* **Aim of the task**
The full listing, minus its pictures, should be printed again exactly as it stands.

* **Recorded data**
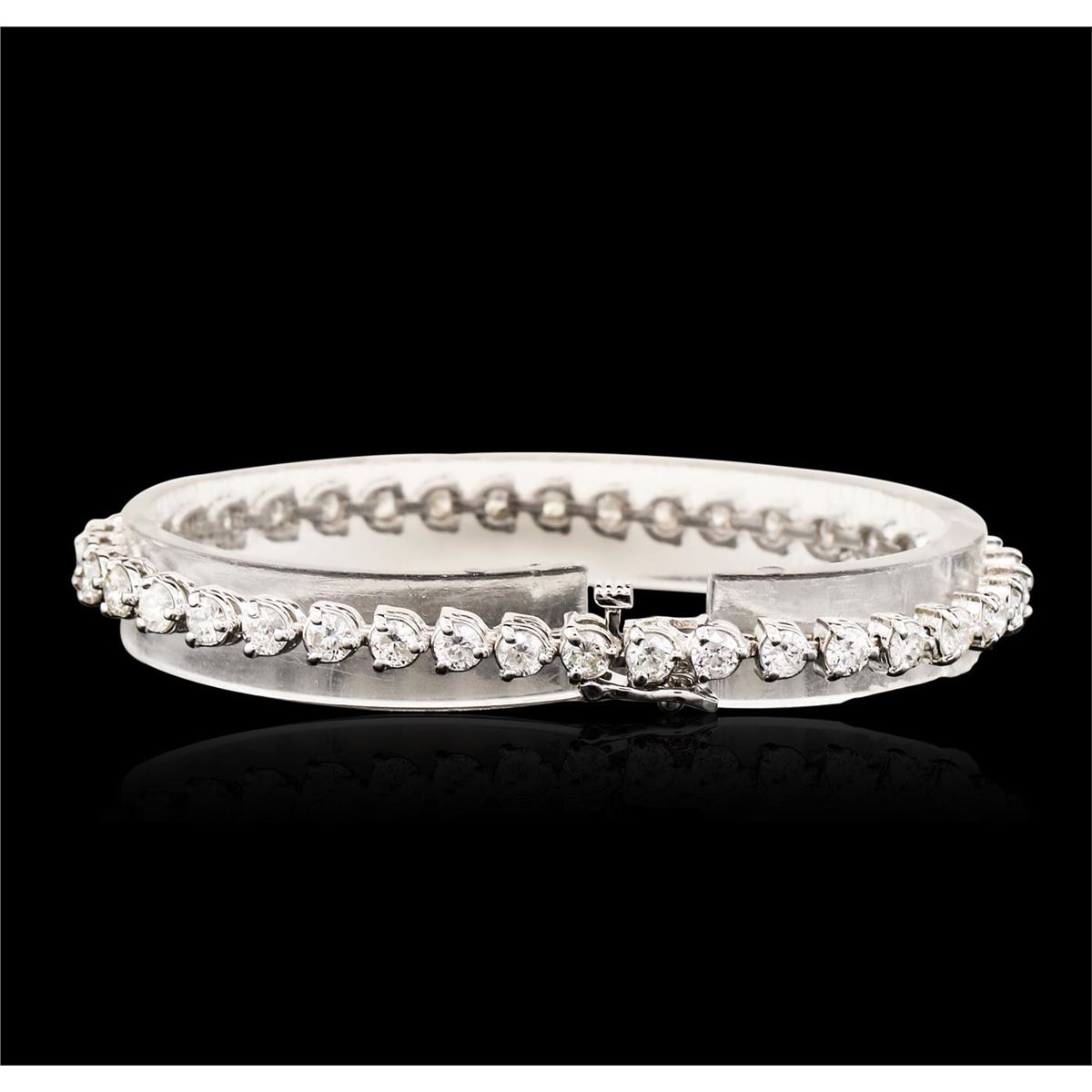 One electronically tested 14KT white gold ladies combination cast & assembled tennis bracelet with a hidden box clasp with safety closer with a bright polish finish. Measurements: 7 in length. Identified with markings of 14K. Condition is new. Containing: Thirty-Nine prong set round brilliant cut diamonds, measuring 3.90 - 3.90 x 2.34mm (depth est.) approximate total weight of 39 Stones = 8.47ct. Clarity: I-1 to I-2. Color: I - J, Cut is Good. All diamonds are graded in the mounting, unless otherwise stated. Total Weight of Diamonds 8.47ct. Total Weight of Bracelet 12.36 grams. GGL Appraised at $16,110.00.
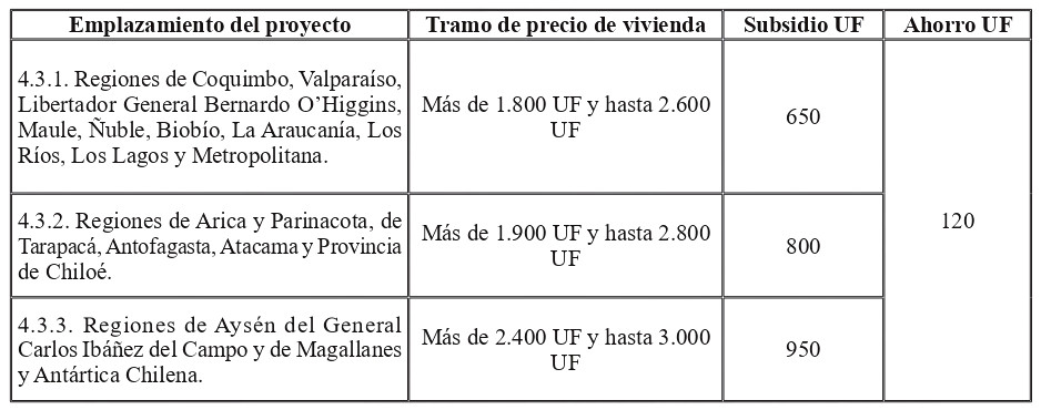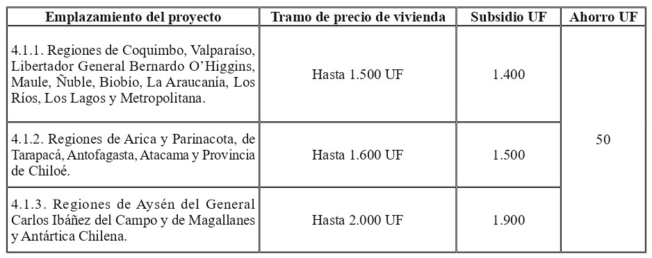 Los montos de subsidio y ahorro mínimo, según el tramo de precio de vivienda, serán los siguientes:
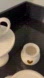 NOTE: these pieces are 'dimpled' with a Rae Dunn like finish…see photos for the appearance. There are also a couple of manufacturer defects - these are not flaws. Some paint imperfections within gold hearts. Wear on bottoms of all pieces. A crazing line down one side of creamer. See photos and video for details…all are part of description.

* **Task solution**
 One electronically tested 14KT white gold ladies combination cast & assembled tennis bracelet with a hidden box clasp with safety closer with a bright polish finish. Measurements: 7 in length. Identified with markings of 14K. Condition is new. Containing: Thirty-Nine prong set round brilliant cut diamonds, measuring 3.90 - 3.90 x 2.34mm (depth est.) approximate total weight of 39 Stones = 8.47ct. Clarity: I-1 to I-2. Color: I - J, Cut is Good. All diamonds are graded in the mounting, unless otherwise stated. Total Weight of Diamonds 8.47ct. Total Weight of Bracelet 12.36 grams. GGL Appraised at $16,110.00.
 Los montos de subsidio y ahorro mínimo, según el tramo de precio de vivienda, serán los siguientes:
 NOTE: these pieces are 'dimpled' with a Rae Dunn like finish…see photos for the appearance. There are also a couple of manufacturer defects - these are not flaws. Some paint imperfections within gold hearts. Wear on bottoms of all pieces. A crazing line down one side of creamer. See photos and video for details…all are part of description.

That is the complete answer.